** Opening Records for the task block **

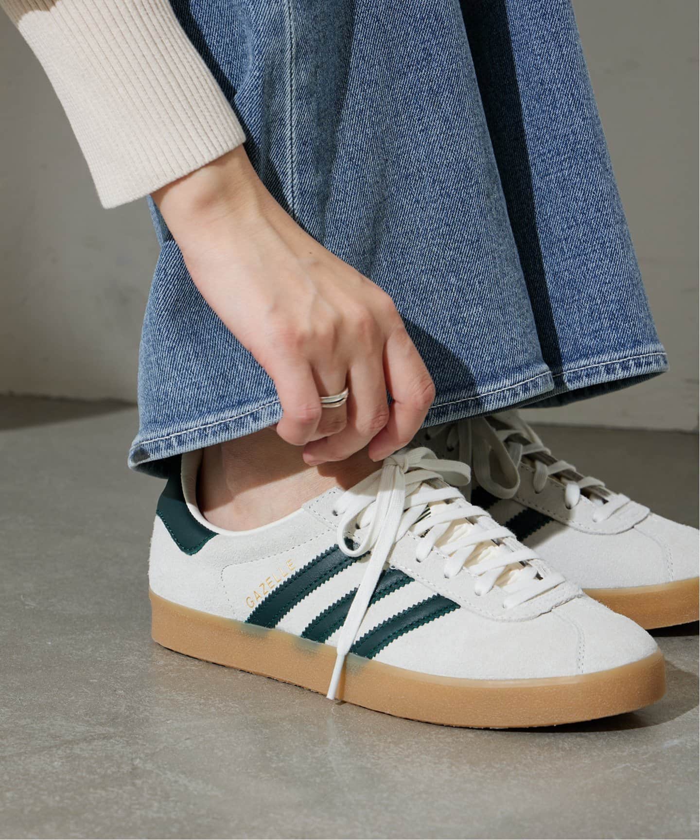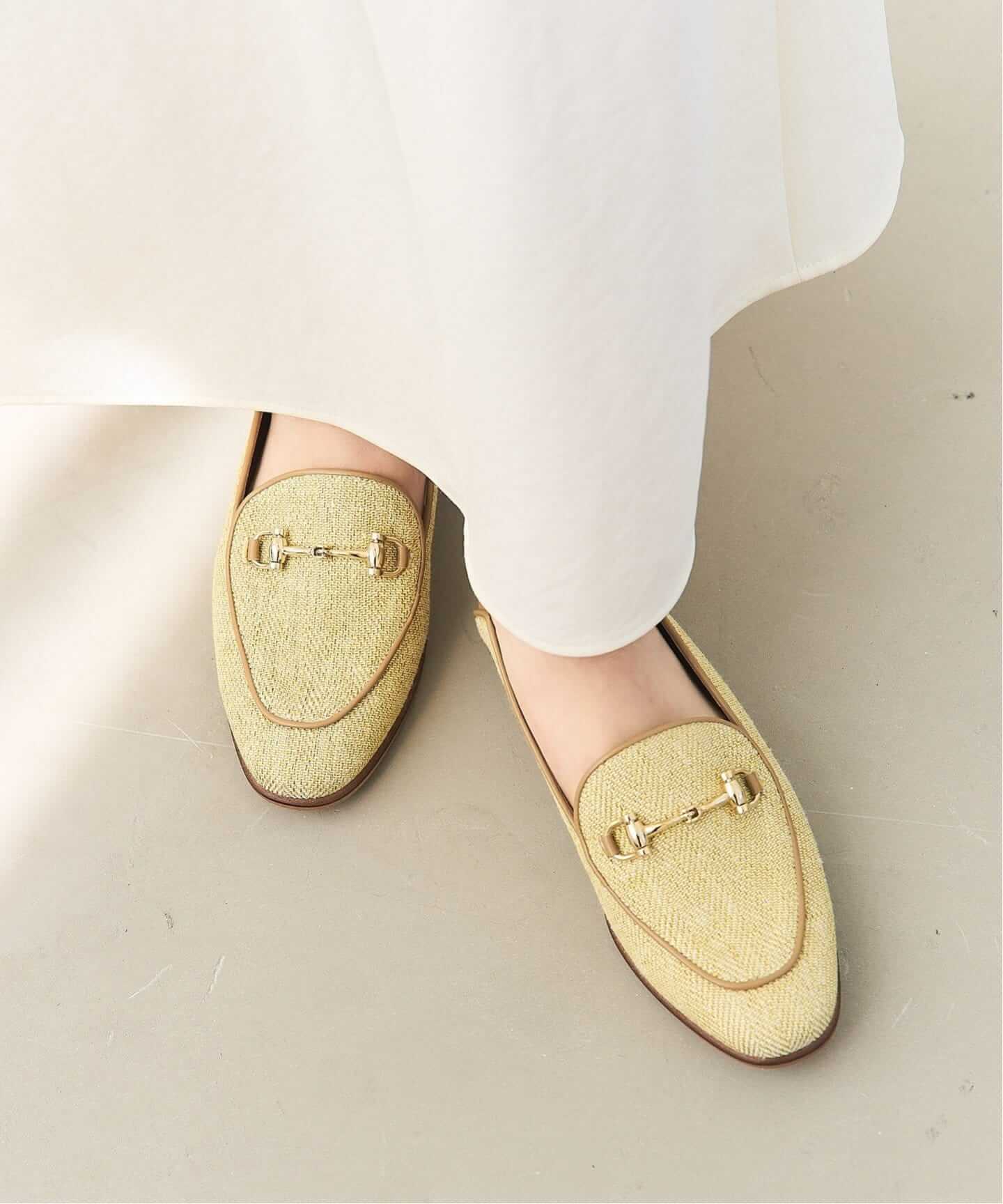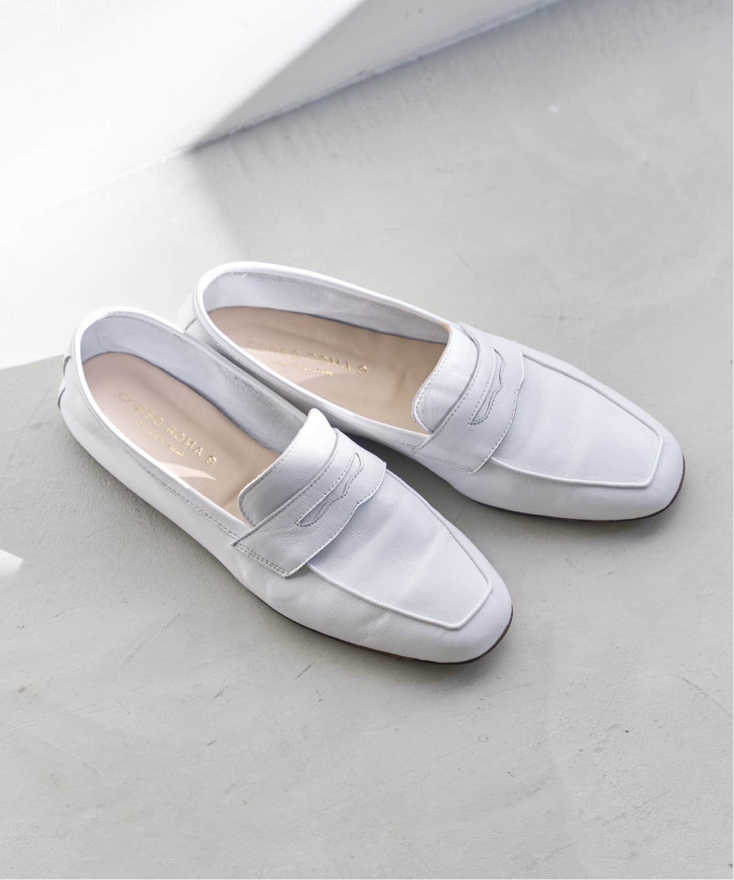 足元から軽やかに素足に履きたいLETALONハイショクビットバブーシュ。バブーシュのようにかかとを踏んでも履くことができて、新緑のように瑞々しいグリーンのカラーもグッド。CORSO ROMA 9のホワイトローファーも春らしい。
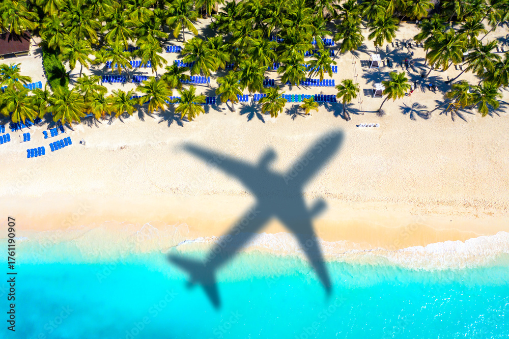 Beach vacation, air travel concept and travel background. Shadow of a airplane landing at stunning caribbean tropical island beach with palms. Saona, Dominican Republic. Vacation background.
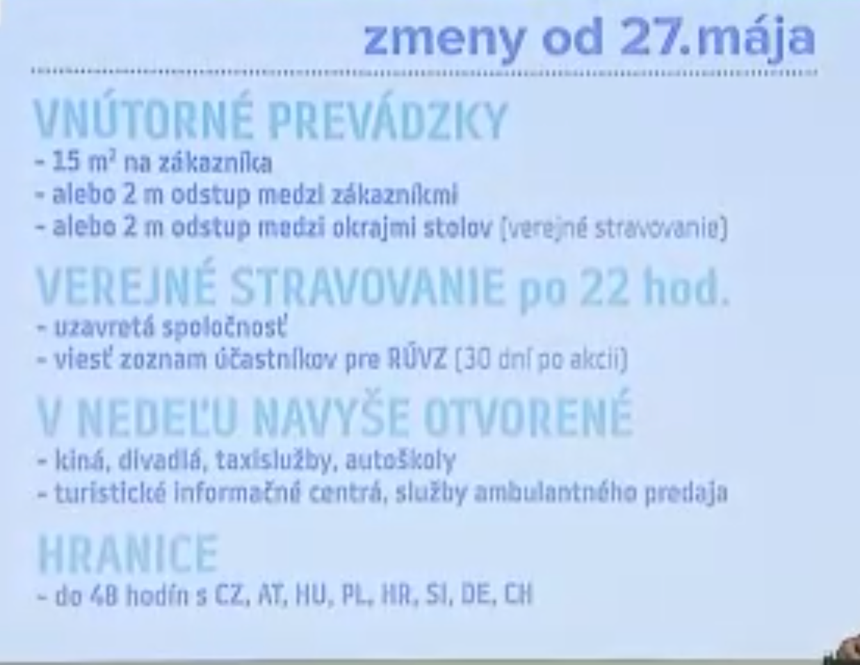 - Vnútorné prevádzky- budú si môcť vybrať z troch možností: 1. 15 metrov štvorcových na zákazníka / 2. dvojmetrový rozostup medzi zákazníkmi / 3. dvojmetrový odstup od krajov stolov ( pri stravovacích zariadeniach). Pravidlo 2 rodinní príslušníci alebo 2 + deti stále platí.
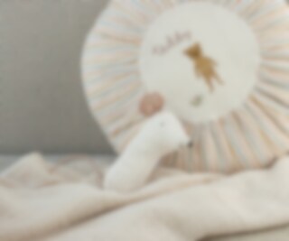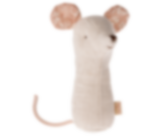 Söt skallra i form av en mus som passar i de små händerna. Gjord i linne och stoppad med återanvänd polyester och pe-pellets. För alla åldrar.
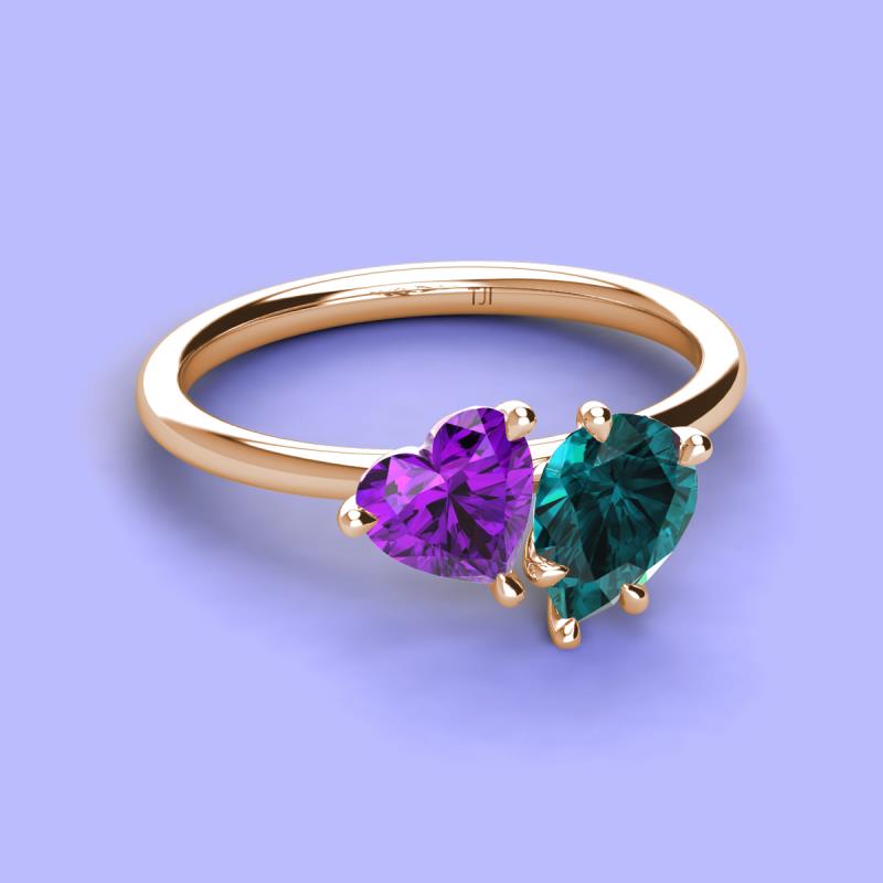 There's something so romantic, and oh-so-enchanting about this duo two stone engagement ring. This spectacular design features Heart shape Amethyst and Pear Shape London Blue Topaz that sets at slight angles towards each other.

** Closing Records for the task block **

**What you should do:** Wherever a picture appears in the data, please drop it and retype the rest exactly.

**Response to the task:**
 足元から軽やかに素足に履きたいLETALONハイショクビットバブーシュ。バブーシュのようにかかとを踏んでも履くことができて、新緑のように瑞々しいグリーンのカラーもグッド。CORSO ROMA 9のホワイトローファーも春らしい。
 Beach vacation, air travel concept and travel background. Shadow of a airplane landing at stunning caribbean tropical island beach with palms. Saona, Dominican Republic. Vacation background.
 - Vnútorné prevádzky- budú si môcť vybrať z troch možností: 1. 15 metrov štvorcových na zákazníka / 2. dvojmetrový rozostup medzi zákazníkmi / 3. dvojmetrový odstup od krajov stolov ( pri stravovacích zariadeniach). Pravidlo 2 rodinní príslušníci alebo 2 + deti stále platí.
 Söt skallra i form av en mus som passar i de små händerna. Gjord i linne och stoppad med återanvänd polyester och pe-pellets. För alla åldrar.
 There's something so romantic, and oh-so-enchanting about this duo two stone engagement ring. This spectacular design features Heart shape Amethyst and Pear Shape London Blue Topaz that sets at slight angles towards each other.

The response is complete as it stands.